Confronted with the charge that the Progressive Party platform is a faithful reflection of the Communists' proposed platform, Wallace says: "Then I'd say that they have a good platform."
Many a political reporter saw and reported the Red seizure of the Progressive Convention at Philadelphia. Wallace did not notice it. Afterwards he said blandly: "I would say that the Communists are the closest things to the early Christian martyrs. But I can truthfully say that the Communists have not come to me, as such. I saw one hurriedly in a railroad station not long ago. I don't recall his name. I told him I believed in progressive capitalism. That stopped him and I haven't heard from the Communists since."
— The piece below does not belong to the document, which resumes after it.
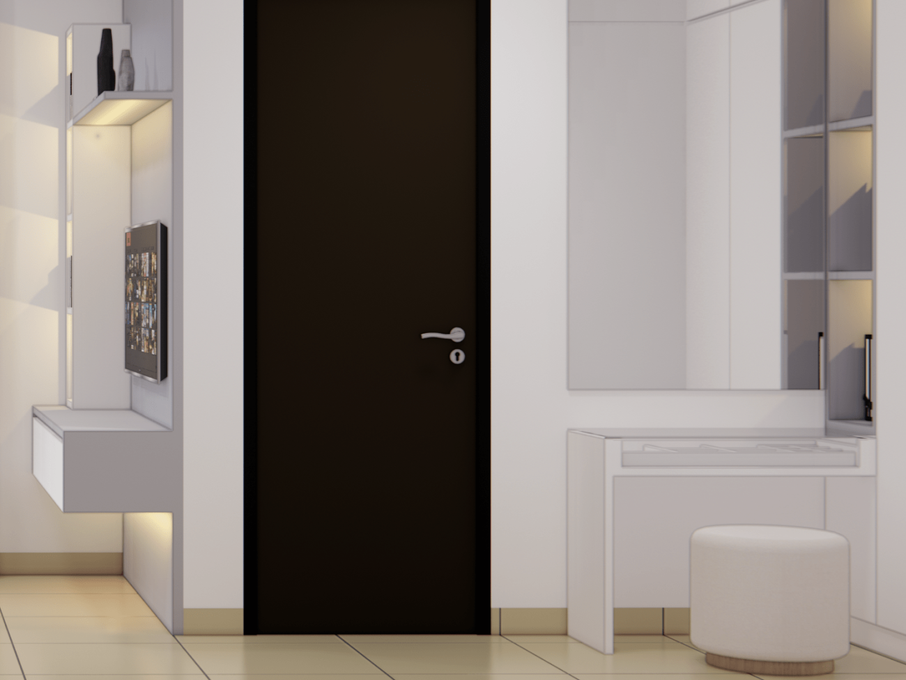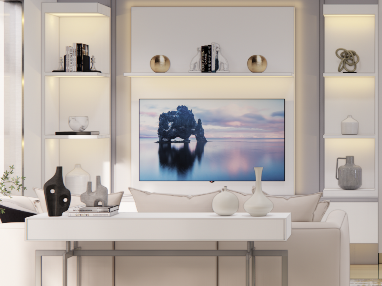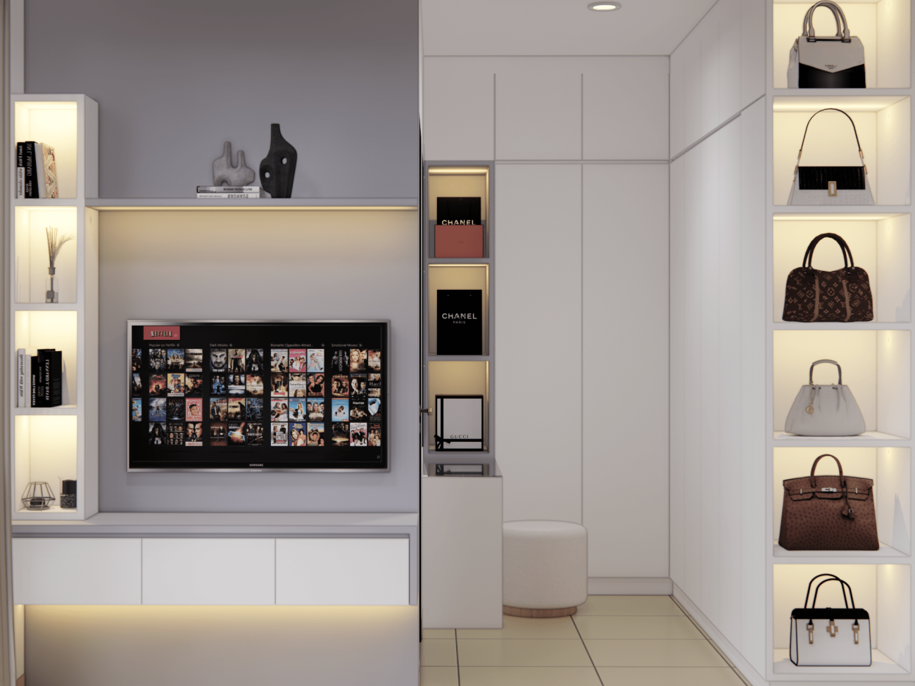 Warna putih memberikan tampilan bersih, elegan dan terang di design interior ini.

Twofold Tragedy. Until now, many of the faithful members of the Progressive Party have rationalized Wallace's position on Communism and their own embarrassing fellowship with the Communists in the same way that Wallace has rationalized it. There have been signs of restlessness, however. Sooner or later the look of the Third Party's real bosses may repel the sincere non-Communists who are the backbone of the party's voting strength. The bosses may become so obvious that even the blindest Wallaceite will recognize them. Then Wallace will appear to them in the most ignoble role of all: the man who betrayed his friends.
If that happens, where will Wallace be? He could openly and honestly withdraw his candidacy, as predicted by the New York Times's Arthur Krock. But he has not been a man distinguished for moral courage. In 1934, when his Agriculture Department was purged of a group of leftists, he made a brief protest and then sat silently by. Some of the victims were his close associates.When he made charges unsubstantiated by fact against the atomic-energy policy of Bernard Baruch, he first promised Baruch a retraction, then vanished ignominiously. In crises he is apt to be simply in absentia. If his hodgepodge party breaks up he may stay with it officially but spiritually go elsewhere.
But today, when Wallace denounces every criticism as Red-baiting, the Wallace movement is a twofold tragedy. It is the tragedy of Henry Wallace, a weak leader driven by ambition, bitterness and self-delusion into a misconception of the promised land. It is also the tragedy of the sincere people whom he is leading into a wilderness.